# PID doesn't turn on SSR



## wiljm1 (Jun 2, 2014)

I found these mypin ta4 pid's and thought maybe I could use one to control a fan in my smoker, then I stumbled across forum posts from people who have already done this. So with enough confidence from others I ordered the following TA4-RNR and a Amico 250V 25A SSR-25DA to power a transformer to power a fan.

I wired it all up and I'm confident it's wired correctly. I figured out how to get out to click on and got the temperature reading correctly. My problem is when out clicks on, there's no power at all at the terminals 3 and 4. I tried alarm 1 also with the same result. I hear the controller click on and see the indicator light come on for both, but no power and the SSR doesn't light up. I messed with all sorts of settings.

After looking at forum posts, it looks like I picked up an RNR and I need an SNR. So I ordered a new one that is a TA4-SNR. I'm not sure what that means but it sounds like SNR has a manual mode. Hopefully it works, however, I still should be getting power at the terminals on the first one I bought, shouldn't I? Am I on the right track here? I've read if you use the wrong SSR on the wrong PID it can burn out the terminals. Maybe the thing just never worked in the first place.

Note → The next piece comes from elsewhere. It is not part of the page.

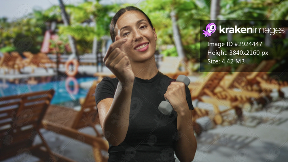 Woman making finger heart gesture while holding dumbbell in studio; playful wellness and motivation.
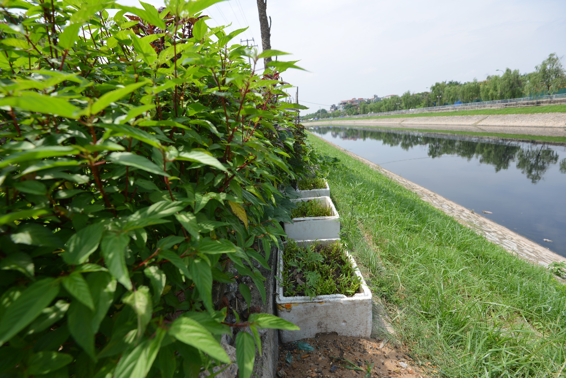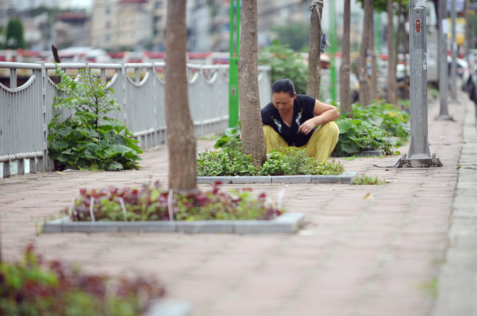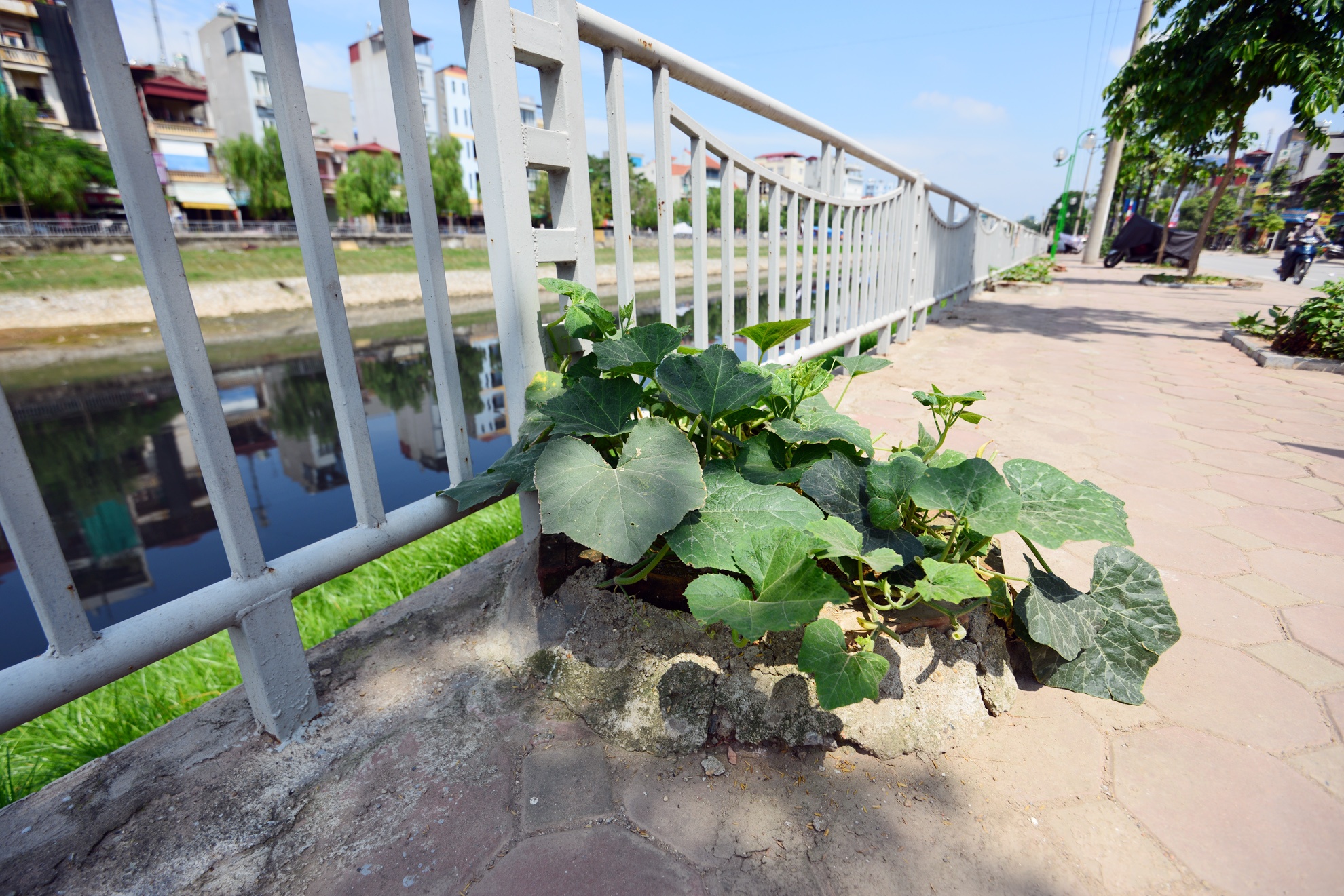 Các bồn hoa, bồn trồng cây cũng được người dân vun đất trồng đủ các loại rau như dền, đay, bí ngô, mồng tơi - những loại đều khá dễ trồng và phát triển tốt vào mùa hè, nhất là sau những hôm mưa. Không tốn kém bằng trồng ở sân thượng hay trước nhà, người trồng rau ở ven sông, bồn cây chỉ tốn nhiều công chăm sóc. Công việc hàng ngày của chủ nhân các vườn rau này là nhổ cỏ, tưới nước... Tuy nhiên, với những loại trồng trong thùng xốp, chi phí bỏ ra khá đắt đỏ, thậm chí cao hơn rau mua ngoài chợ, nhưng người trồng vẫn chấp nhận.

Any help would be very much appreciated.

Original PID


SSR


New PID


Cabling













Pid_wiring.jpg



__ wiljm1
__ Jun 2, 2014


----------



## wiljm1 (Jun 5, 2014)

I assume the first one was either junk or it's the RNR vs SNR issue I read about. Either way, the new one I ordered works great. This was a great and inexpensive way to build a digital temperature controller.


----------